Venezuela's congress names new leader, vows to battle Maduro

Venezuelan lawmaker Juan Guaido swears in as President of the National Assembly in Caracas, Venezuela, Saturday, Jan. 5, 2019. (AP Photo/Fernando Llano)

Venezuelan lawmaker Juan Guaido swears in as President of the National Assembly in Caracas, Venezuela, Saturday, Jan. 5, 2019. (AP Photo/Fernando Llano)

Venezuela's opposition-controlled congress opened its first session of the year Saturday, installing a fresh-faced leader who struck a defiant tone and vowed to take up the battle against socialist President Nicolas Maduro.

Juan Guaido assumes the presidency of the National Assembly stripped of power by Maduro, whose government is blamed for leading the once-wealthy oil nation into a historic political and humanitarian crisis.

Speaking to legislators, Guaido named off several opposition politicians and opponents of Maduro's government who have been jailed, driven into exile or killed. He said desperation has driven masses of common citizens to flee abroad looking for work, he said.

"We are under an oppressive system," he said. "It's not just that — it is miserable."

Tall and youthful, Guaido represents the next generation of Venezuelan political opposition, taking up the assembly's leadership following 74-year-old Omar Barboza.

An industrial engineer and former student leader, Guaido is from the same political party as Leopoldo Lopez, Venezuela's most popular opposition leader under house arrest and considered by government opponents to be a political prisoner.

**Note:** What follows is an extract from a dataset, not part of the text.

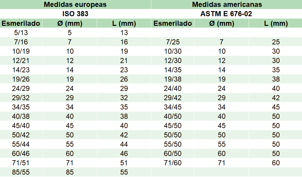 Existen dos sistemas principales de medidas: el europeo (DIN/ISO) y el americano (NS/TS). Ambos utilizan números similares, pero la conicidad y algunos diámetros pueden variar según proveedor. Aun así, en la mayoría de aplicaciones la compatibilidad se mantiene siempre que se conserve el mismo número superior.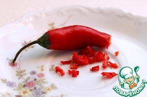 Перец чили помыть, обсушить и очень мелко порезать (тут советую руководствоваться личными предпочтениями). ВНИМАНИЕ: лучше использовать перчатки и стеклянную разделочную доску, т. к. при нарезании вы не отмоете перец ни с рук, ни с доски. Если не использовались перчатки, то нужно быть очень аккуратными, ни в коем случае не тереть глаза!

Guaido called Maduro a dictator whose legitimacy has run out. Venezuela is living a "dark but transitional" moment of its history, he said, adding that among its first acts congress will create a transitional body to restore constitutional order, but he offered no details.

Foreign diplomats from the United States, Canada, Japan, Italy and Germany attended the assembly's inaugural session in a show of solidarity.

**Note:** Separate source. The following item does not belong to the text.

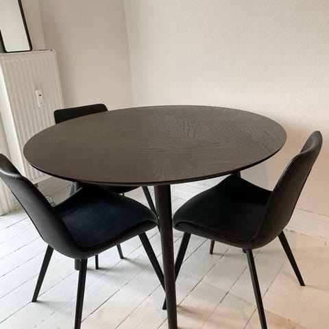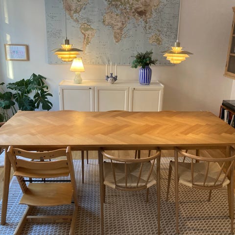 Lækkert spisebord med sildebens egefiner og ben i massiv eg.

It opened days before Maduro's inauguration to a second, six-year term widely condemned as illegitimate after he declared victory in the May 20 election considered a sham by many foreign powers.

As international pressure mounts, a dozen Latin American countries and Canada on Friday urged Maduro to cede power and hand it over to congress until a valid president is elected and democracy restored.

Venezuelan officials accuse the coalition of taking orders directly from U.S. President Donald Trump, who they frequently accuse of spearheading an economic war against Venezuela.

"Those of us here are fighting every day to restore democracy," Guaido said. "We want the protection of the rule of law. We want the Venezuelans to be protected, because we believe in life."